• EXERCISE
The entries below should be quoted exactly, with no pictures carried over.
[[ EXTRACTED RECORDS, beginning ]]
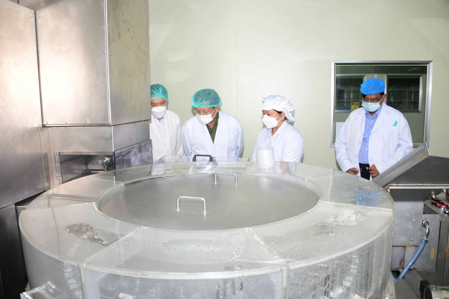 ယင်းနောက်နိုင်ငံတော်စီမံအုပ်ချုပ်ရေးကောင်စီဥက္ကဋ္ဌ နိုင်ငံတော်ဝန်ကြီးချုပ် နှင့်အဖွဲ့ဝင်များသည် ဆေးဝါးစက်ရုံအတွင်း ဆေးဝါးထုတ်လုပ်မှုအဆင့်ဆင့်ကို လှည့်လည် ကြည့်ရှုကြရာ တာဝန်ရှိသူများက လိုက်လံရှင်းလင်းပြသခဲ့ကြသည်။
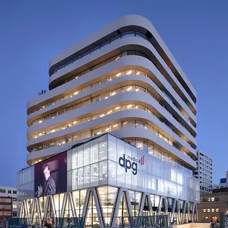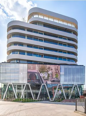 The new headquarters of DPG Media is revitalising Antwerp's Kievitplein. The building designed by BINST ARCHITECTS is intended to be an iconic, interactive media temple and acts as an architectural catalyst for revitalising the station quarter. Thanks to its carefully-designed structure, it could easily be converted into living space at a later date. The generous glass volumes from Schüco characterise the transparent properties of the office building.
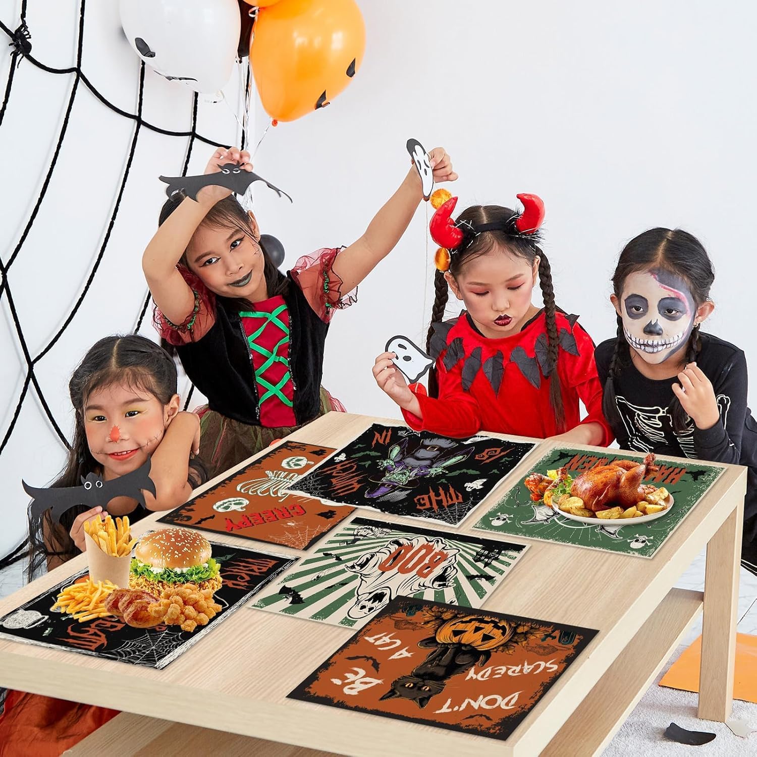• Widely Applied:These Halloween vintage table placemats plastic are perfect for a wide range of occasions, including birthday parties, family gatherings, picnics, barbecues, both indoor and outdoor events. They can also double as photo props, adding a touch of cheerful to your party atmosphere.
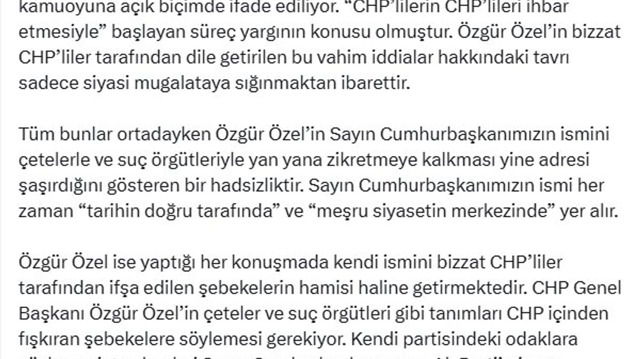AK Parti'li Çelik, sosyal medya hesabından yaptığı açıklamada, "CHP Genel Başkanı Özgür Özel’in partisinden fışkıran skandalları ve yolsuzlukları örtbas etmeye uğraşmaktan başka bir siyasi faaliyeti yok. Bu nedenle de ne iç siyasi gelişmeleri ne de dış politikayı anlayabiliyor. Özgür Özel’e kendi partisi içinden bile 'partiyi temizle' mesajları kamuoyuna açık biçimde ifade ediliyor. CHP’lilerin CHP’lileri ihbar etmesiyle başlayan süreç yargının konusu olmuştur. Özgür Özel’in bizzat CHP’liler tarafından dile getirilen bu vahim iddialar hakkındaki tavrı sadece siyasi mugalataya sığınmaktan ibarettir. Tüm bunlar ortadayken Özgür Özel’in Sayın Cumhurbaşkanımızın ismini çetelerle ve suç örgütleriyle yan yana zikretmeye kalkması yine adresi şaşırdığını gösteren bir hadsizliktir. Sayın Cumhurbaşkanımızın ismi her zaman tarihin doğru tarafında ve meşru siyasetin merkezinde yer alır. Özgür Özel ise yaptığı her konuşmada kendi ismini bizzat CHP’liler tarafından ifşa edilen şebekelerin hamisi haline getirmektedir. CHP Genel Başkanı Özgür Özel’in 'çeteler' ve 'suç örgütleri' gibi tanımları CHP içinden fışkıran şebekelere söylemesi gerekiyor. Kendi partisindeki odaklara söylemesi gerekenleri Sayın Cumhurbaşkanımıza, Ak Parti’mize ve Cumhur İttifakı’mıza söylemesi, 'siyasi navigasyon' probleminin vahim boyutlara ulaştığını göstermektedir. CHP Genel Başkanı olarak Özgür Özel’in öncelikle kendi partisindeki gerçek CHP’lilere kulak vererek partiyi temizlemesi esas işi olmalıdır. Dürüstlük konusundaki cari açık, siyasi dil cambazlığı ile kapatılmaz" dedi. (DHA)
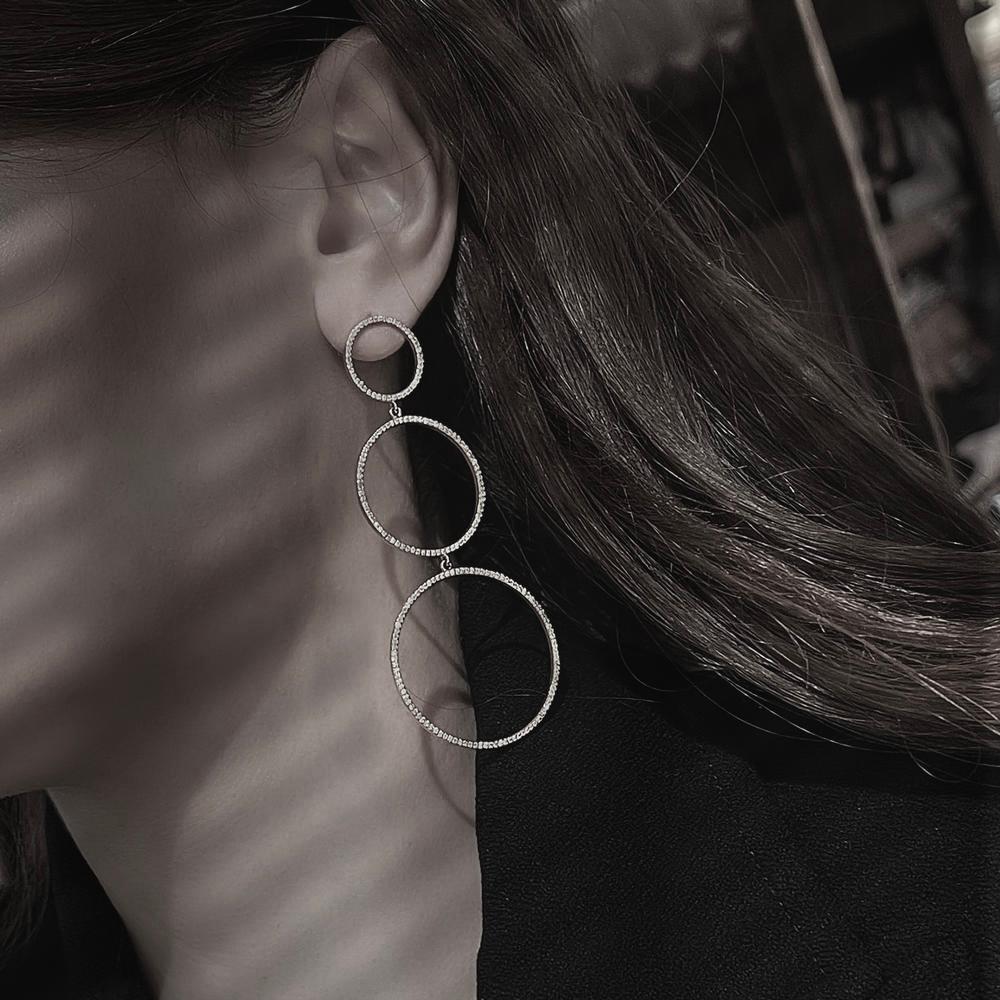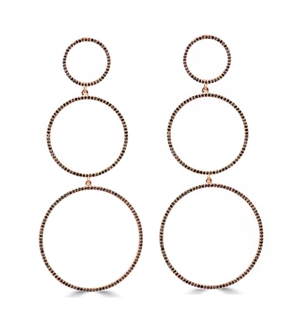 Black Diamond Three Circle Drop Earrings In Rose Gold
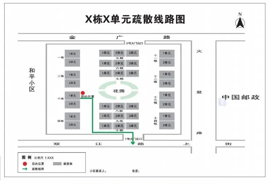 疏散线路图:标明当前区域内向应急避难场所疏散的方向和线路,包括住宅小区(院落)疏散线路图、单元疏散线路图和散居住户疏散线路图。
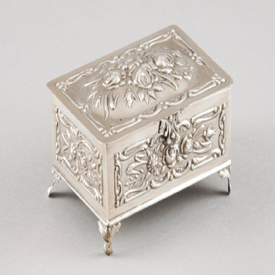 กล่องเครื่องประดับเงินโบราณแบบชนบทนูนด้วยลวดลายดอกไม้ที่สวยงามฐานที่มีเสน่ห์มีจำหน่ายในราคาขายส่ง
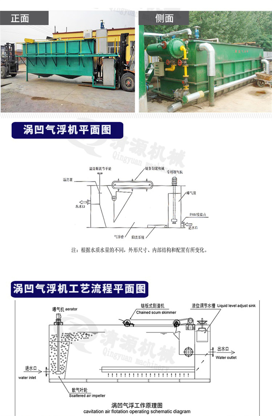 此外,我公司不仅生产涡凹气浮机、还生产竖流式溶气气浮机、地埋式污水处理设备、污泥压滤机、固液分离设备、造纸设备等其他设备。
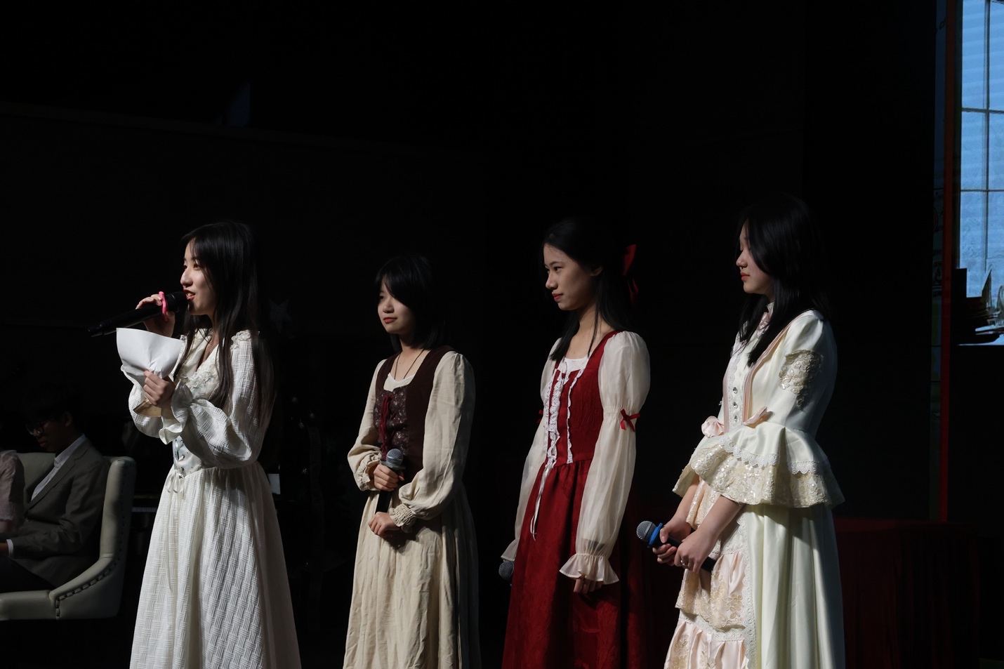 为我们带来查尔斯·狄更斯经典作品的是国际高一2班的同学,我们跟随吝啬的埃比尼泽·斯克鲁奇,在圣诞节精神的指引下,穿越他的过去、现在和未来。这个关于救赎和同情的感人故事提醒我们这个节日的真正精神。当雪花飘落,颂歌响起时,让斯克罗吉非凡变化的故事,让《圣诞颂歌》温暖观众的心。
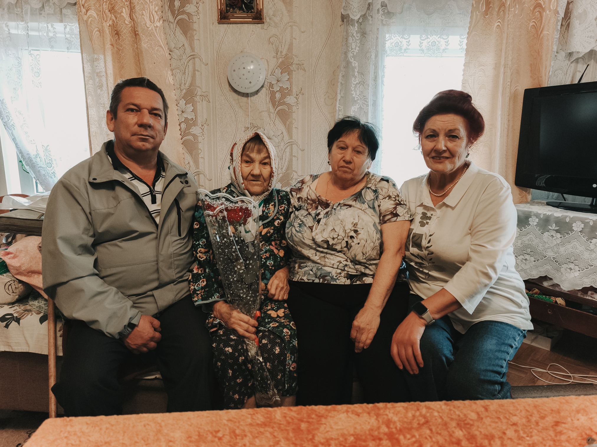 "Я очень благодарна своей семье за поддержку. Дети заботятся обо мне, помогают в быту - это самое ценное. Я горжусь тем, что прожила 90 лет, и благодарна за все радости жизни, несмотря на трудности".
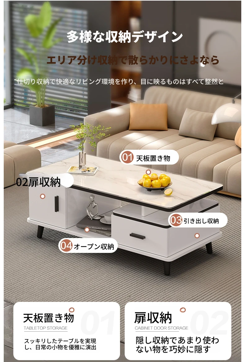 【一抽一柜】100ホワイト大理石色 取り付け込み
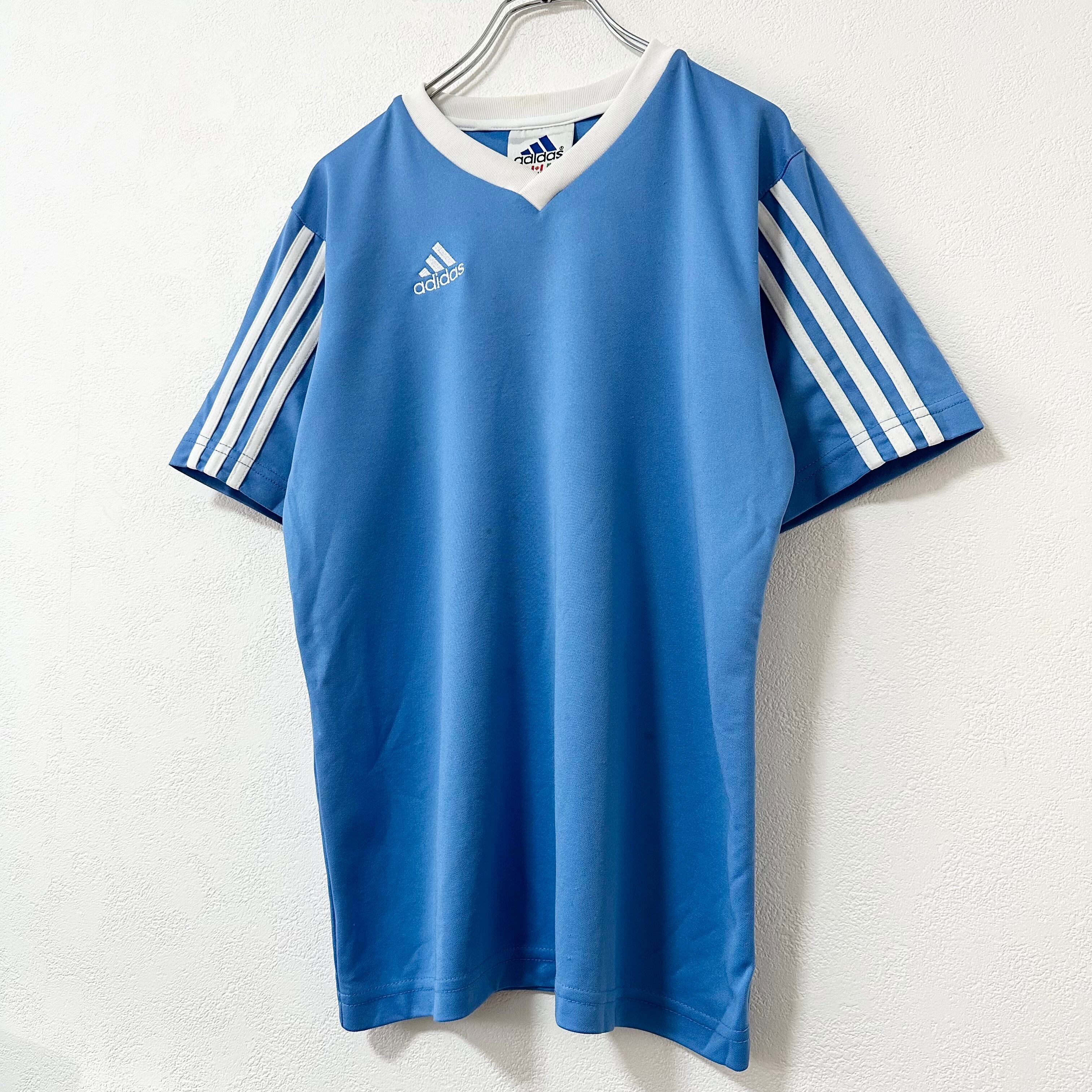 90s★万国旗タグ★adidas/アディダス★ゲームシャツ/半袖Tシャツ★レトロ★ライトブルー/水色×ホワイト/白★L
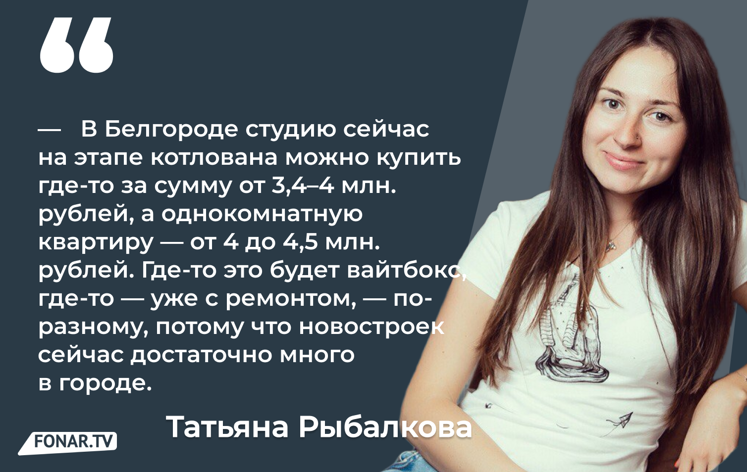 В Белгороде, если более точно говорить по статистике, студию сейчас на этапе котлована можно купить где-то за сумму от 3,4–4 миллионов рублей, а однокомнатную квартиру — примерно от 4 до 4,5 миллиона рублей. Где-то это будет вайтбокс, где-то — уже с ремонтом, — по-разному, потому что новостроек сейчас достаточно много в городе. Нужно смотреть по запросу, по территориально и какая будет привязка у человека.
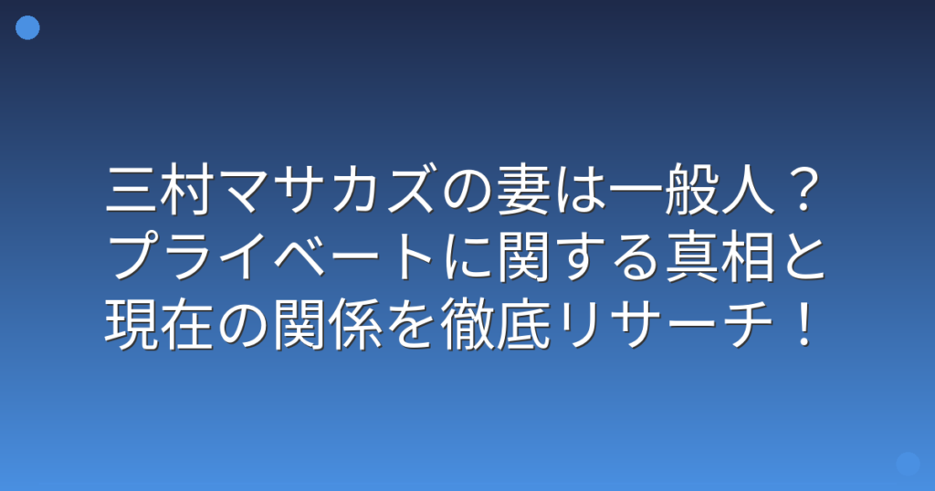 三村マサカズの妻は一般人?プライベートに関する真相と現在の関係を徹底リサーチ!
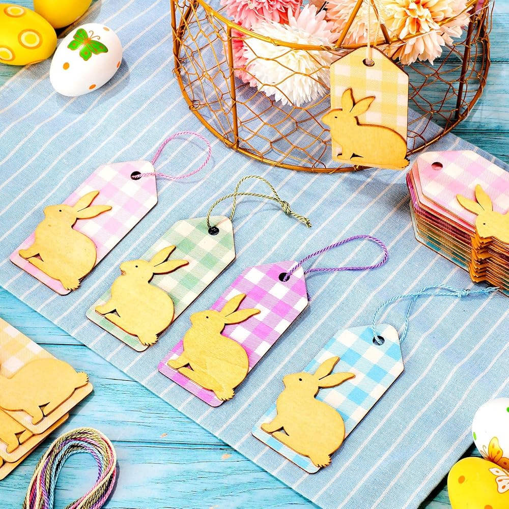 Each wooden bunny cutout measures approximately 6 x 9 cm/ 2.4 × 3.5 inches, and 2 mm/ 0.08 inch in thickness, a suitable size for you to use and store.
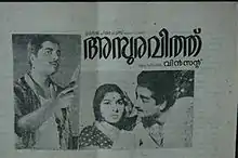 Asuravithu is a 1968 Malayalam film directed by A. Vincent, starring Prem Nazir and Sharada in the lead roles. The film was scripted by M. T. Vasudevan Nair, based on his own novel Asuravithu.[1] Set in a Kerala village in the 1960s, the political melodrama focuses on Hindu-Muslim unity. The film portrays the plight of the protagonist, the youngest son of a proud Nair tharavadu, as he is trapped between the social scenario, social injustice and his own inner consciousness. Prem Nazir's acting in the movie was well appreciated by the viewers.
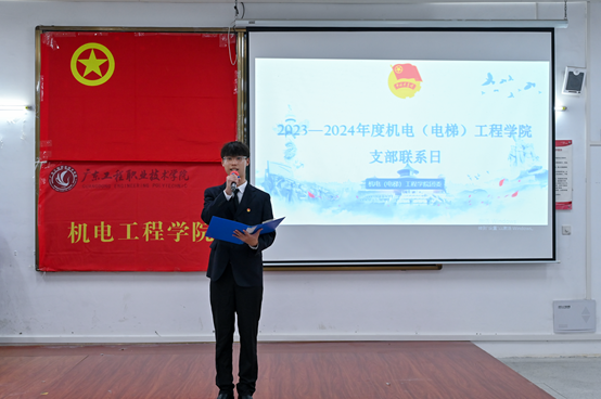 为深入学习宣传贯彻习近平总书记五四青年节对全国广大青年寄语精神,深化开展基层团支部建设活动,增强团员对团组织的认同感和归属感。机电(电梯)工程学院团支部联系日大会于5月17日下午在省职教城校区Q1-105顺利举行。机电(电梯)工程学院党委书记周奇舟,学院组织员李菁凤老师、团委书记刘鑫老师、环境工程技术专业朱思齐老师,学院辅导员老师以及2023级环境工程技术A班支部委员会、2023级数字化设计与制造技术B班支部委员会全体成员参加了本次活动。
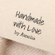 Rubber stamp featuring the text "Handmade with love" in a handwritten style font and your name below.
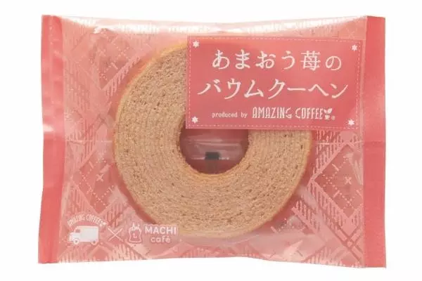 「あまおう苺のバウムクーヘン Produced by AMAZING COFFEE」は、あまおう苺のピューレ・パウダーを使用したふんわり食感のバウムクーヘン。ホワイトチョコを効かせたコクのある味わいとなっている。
[[ EXTRACTED RECORDS, end ]]
• RESULT OF THE TASK
 ယင်းနောက်နိုင်ငံတော်စီမံအုပ်ချုပ်ရေးကောင်စီဥက္ကဋ္ဌ နိုင်ငံတော်ဝန်ကြီးချုပ် နှင့်အဖွဲ့ဝင်များသည် ဆေးဝါးစက်ရုံအတွင်း ဆေးဝါးထုတ်လုပ်မှုအဆင့်ဆင့်ကို လှည့်လည် ကြည့်ရှုကြရာ တာဝန်ရှိသူများက လိုက်လံရှင်းလင်းပြသခဲ့ကြသည်။
 The new headquarters of DPG Media is revitalising Antwerp's Kievitplein. The building designed by BINST ARCHITECTS is intended to be an iconic, interactive media temple and acts as an architectural catalyst for revitalising the station quarter. Thanks to its carefully-designed structure, it could easily be converted into living space at a later date. The generous glass volumes from Schüco characterise the transparent properties of the office building.
• Widely Applied:These Halloween vintage table placemats plastic are perfect for a wide range of occasions, including birthday parties, family gatherings, picnics, barbecues, both indoor and outdoor events. They can also double as photo props, adding a touch of cheerful to your party atmosphere.
AK Parti'li Çelik, sosyal medya hesabından yaptığı açıklamada, "CHP Genel Başkanı Özgür Özel’in partisinden fışkıran skandalları ve yolsuzlukları örtbas etmeye uğraşmaktan başka bir siyasi faaliyeti yok. Bu nedenle de ne iç siyasi gelişmeleri ne de dış politikayı anlayabiliyor. Özgür Özel’e kendi partisi içinden bile 'partiyi temizle' mesajları kamuoyuna açık biçimde ifade ediliyor. CHP’lilerin CHP’lileri ihbar etmesiyle başlayan süreç yargının konusu olmuştur. Özgür Özel’in bizzat CHP’liler tarafından dile getirilen bu vahim iddialar hakkındaki tavrı sadece siyasi mugalataya sığınmaktan ibarettir. Tüm bunlar ortadayken Özgür Özel’in Sayın Cumhurbaşkanımızın ismini çetelerle ve suç örgütleriyle yan yana zikretmeye kalkması yine adresi şaşırdığını gösteren bir hadsizliktir. Sayın Cumhurbaşkanımızın ismi her zaman tarihin doğru tarafında ve meşru siyasetin merkezinde yer alır. Özgür Özel ise yaptığı her konuşmada kendi ismini bizzat CHP’liler tarafından ifşa edilen şebekelerin hamisi haline getirmektedir. CHP Genel Başkanı Özgür Özel’in 'çeteler' ve 'suç örgütleri' gibi tanımları CHP içinden fışkıran şebekelere söylemesi gerekiyor. Kendi partisindeki odaklara söylemesi gerekenleri Sayın Cumhurbaşkanımıza, Ak Parti’mize ve Cumhur İttifakı’mıza söylemesi, 'siyasi navigasyon' probleminin vahim boyutlara ulaştığını göstermektedir. CHP Genel Başkanı olarak Özgür Özel’in öncelikle kendi partisindeki gerçek CHP’lilere kulak vererek partiyi temizlemesi esas işi olmalıdır. Dürüstlük konusundaki cari açık, siyasi dil cambazlığı ile kapatılmaz" dedi. (DHA)
 Black Diamond Three Circle Drop Earrings In Rose Gold
 疏散线路图:标明当前区域内向应急避难场所疏散的方向和线路,包括住宅小区(院落)疏散线路图、单元疏散线路图和散居住户疏散线路图。
 กล่องเครื่องประดับเงินโบราณแบบชนบทนูนด้วยลวดลายดอกไม้ที่สวยงามฐานที่มีเสน่ห์มีจำหน่ายในราคาขายส่ง
 此外,我公司不仅生产涡凹气浮机、还生产竖流式溶气气浮机、地埋式污水处理设备、污泥压滤机、固液分离设备、造纸设备等其他设备。
 为我们带来查尔斯·狄更斯经典作品的是国际高一2班的同学,我们跟随吝啬的埃比尼泽·斯克鲁奇,在圣诞节精神的指引下,穿越他的过去、现在和未来。这个关于救赎和同情的感人故事提醒我们这个节日的真正精神。当雪花飘落,颂歌响起时,让斯克罗吉非凡变化的故事,让《圣诞颂歌》温暖观众的心。
 "Я очень благодарна своей семье за поддержку. Дети заботятся обо мне, помогают в быту - это самое ценное. Я горжусь тем, что прожила 90 лет, и благодарна за все радости жизни, несмотря на трудности".
 【一抽一柜】100ホワイト大理石色 取り付け込み
 90s★万国旗タグ★adidas/アディダス★ゲームシャツ/半袖Tシャツ★レトロ★ライトブルー/水色×ホワイト/白★L
 В Белгороде, если более точно говорить по статистике, студию сейчас на этапе котлована можно купить где-то за сумму от 3,4–4 миллионов рублей, а однокомнатную квартиру — примерно от 4 до 4,5 миллиона рублей. Где-то это будет вайтбокс, где-то — уже с ремонтом, — по-разному, потому что новостроек сейчас достаточно много в городе. Нужно смотреть по запросу, по территориально и какая будет привязка у человека.
 三村マサカズの妻は一般人?プライベートに関する真相と現在の関係を徹底リサーチ!
 Each wooden bunny cutout measures approximately 6 x 9 cm/ 2.4 × 3.5 inches, and 2 mm/ 0.08 inch in thickness, a suitable size for you to use and store.
 Asuravithu is a 1968 Malayalam film directed by A. Vincent, starring Prem Nazir and Sharada in the lead roles. The film was scripted by M. T. Vasudevan Nair, based on his own novel Asuravithu.[1] Set in a Kerala village in the 1960s, the political melodrama focuses on Hindu-Muslim unity. The film portrays the plight of the protagonist, the youngest son of a proud Nair tharavadu, as he is trapped between the social scenario, social injustice and his own inner consciousness. Prem Nazir's acting in the movie was well appreciated by the viewers.
 为深入学习宣传贯彻习近平总书记五四青年节对全国广大青年寄语精神,深化开展基层团支部建设活动,增强团员对团组织的认同感和归属感。机电(电梯)工程学院团支部联系日大会于5月17日下午在省职教城校区Q1-105顺利举行。机电(电梯)工程学院党委书记周奇舟,学院组织员李菁凤老师、团委书记刘鑫老师、环境工程技术专业朱思齐老师,学院辅导员老师以及2023级环境工程技术A班支部委员会、2023级数字化设计与制造技术B班支部委员会全体成员参加了本次活动。
 Rubber stamp featuring the text "Handmade with love" in a handwritten style font and your name below.
 「あまおう苺のバウムクーヘン Produced by AMAZING COFFEE」は、あまおう苺のピューレ・パウダーを使用したふんわり食感のバウムクーヘン。ホワイトチョコを効かせたコクのある味わいとなっている。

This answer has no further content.